Seismic Tomography of Southern California based upon Adjoint Methods

Speaker: Jeroen Tromp

Adjoint tomography utilizes 3D simulations of seismic wave propagation in conjunction with a tomographic technique based on adjoint methods. We begin with an initial 3D model of shear and compressional wavespeeds for southern California provided by the Southern California Earthquake Center (SCEC; model CVM-H), extending to a depth of 60 km. We use the spectral-element method to simulate 140 good-quality local earthquakes, each recorded by as many as 160 stations. We compute misfits between observed and synthetic seismograms by using an automated time-window selection algorithm that picks any time window within which the data and 3D synthetics are reasonably similar (e.g., P, S, Love, and Rayleigh waves).

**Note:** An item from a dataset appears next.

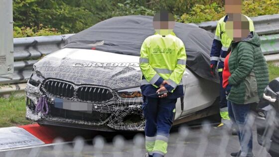 BMW M8 разбили на Нюрбургринге во время прохождения испытаний. Еще пару дней назад поклонники компании BMW обсуждали новый прототип, который появился на Нюрбургринге. Из-за особенностей строения многие полагали, что это будет среднемоторый автомобиль. Однако, производитель очень быстро развеял такие домыслы. Сегодня прототип опять привлекает большое внимание, но причина заключается уже не во внешнем виде - машина разбилась на трассе. Свидетели данного происшествия заявили, что автомобиль уходил то в левое, то в правое ограждение дороги, затем выехал на обочину и остановился. Снимки показывают, что у прототипа имеются повреждения передних крыльев, а очевидцы заявили о поломке подвески с задней стороны. Так как с такими повреждениями автомобиль не мог продолжать движение, его накрыли пленкой и отвезли. Напомним, что пару дней назад в BMW заявили, что пока нет никаких планов по созданию среднемоторной модели - эта информация расстроила очень многих поклонников производителя.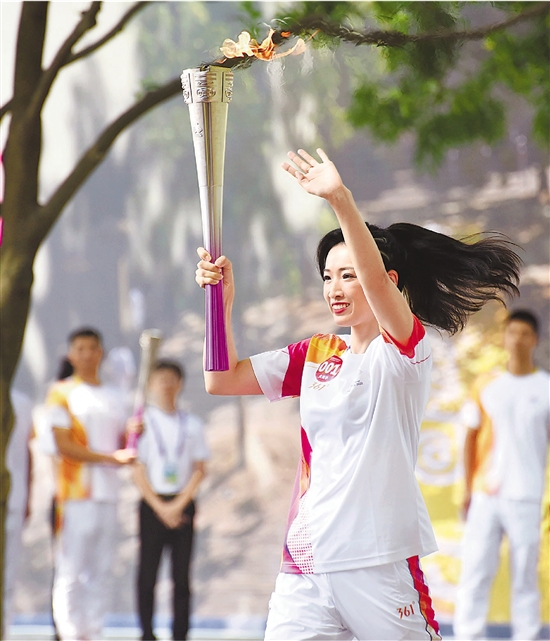 9月8日,杭州亚运会火炬传递在西子湖畔的涌金公园广场启动。图为第一棒火炬手罗雪娟在奔跑。 本报记者 潘海松 摄

Within each time window we measure a frequency-dependent traveltime anomaly. For each record with a measurement, we compute an adjoint source that is used to create an adjoint wavefield. The interaction between the adjoint wavefield and the regular wavefield forms the gradient of the misfit function for one event. These gradients are combined using a source subspace projection method to compute a model update. This process is iterated using a conjugate gradient method.

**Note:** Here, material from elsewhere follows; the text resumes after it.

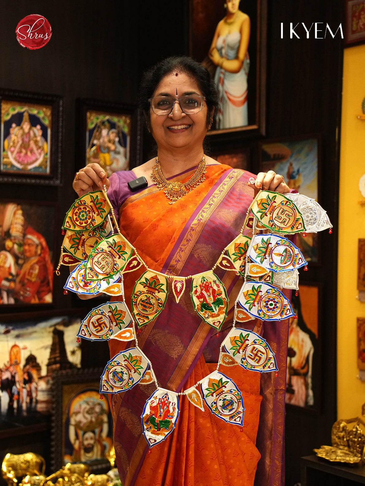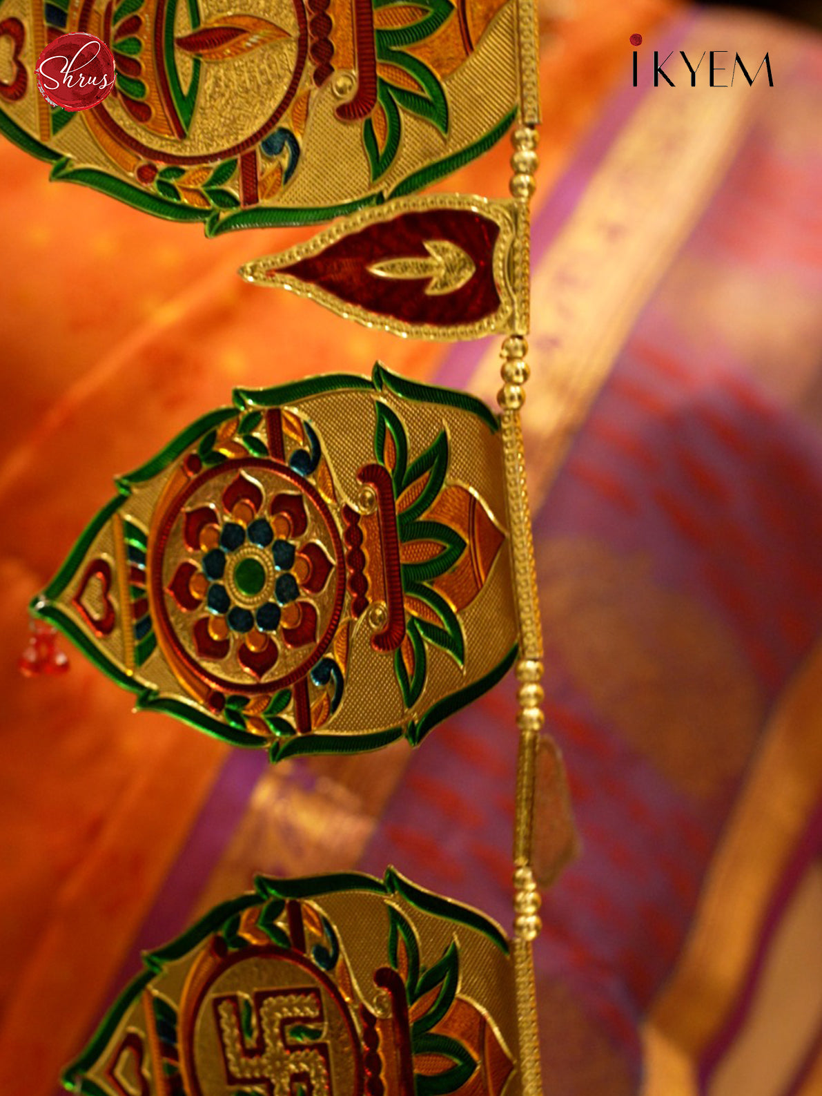 Exquisite Gold Mango Leaf Swastik Thoran, a symbol of prosperity and auspiciousness, designed to grace your home with its divine presence. Each leaf in this elegant thoran is meticulously crafted from premium gold-tone metal, reflecting a lustrous sheen that captures the essence of traditional festivities. The centerpiece features a beautifully detailed Swastik, known for bringing good fortune and peace, making it a perfect adornment for entrances, pooja rooms, or any sacred space. Its timeless design blends seamlessly with both contemporary and traditional decor, adding a touch of luxury and cultural heritage. Elevate your celebrations and daily rituals with this magnificent piece, a testament to craftsmanship and sacred symbolism

We are presently on the tenth iteration of a southern California crust and upper mantle model. Thus far we have applied changes in excess of ±20% from the initial 3D model. With each iteration, the changes in wavespeeds have improved the data fit, and we are able to include additional seismograms whose fits to the data for previous model iterations were too poor for selection. In general, the tomographic results compare well with surface geology, the most striking features being the low wavespeeds of the southern San Joaquin basin associated with the Big Bend in the San Andreas Fault, the high wavespeeds and depth extent of the Santa Monica Mountains, the low wavespeeds in the Coast Ranges, the low avespeeds in the eastern Mojave shear zone, and the sharp contrast at the eastern front of the Sierra Nevada due to volcanism in the Coso Junction area. The new model is able to capture 6~s surface wave propagation along paths between Parkfield and the Salton Sea. Having applied relatively large-scale, large-amplitude changes, we can now exploit more of the shorter-period measurements to resolve and reveal km-scale features in the southern California crust.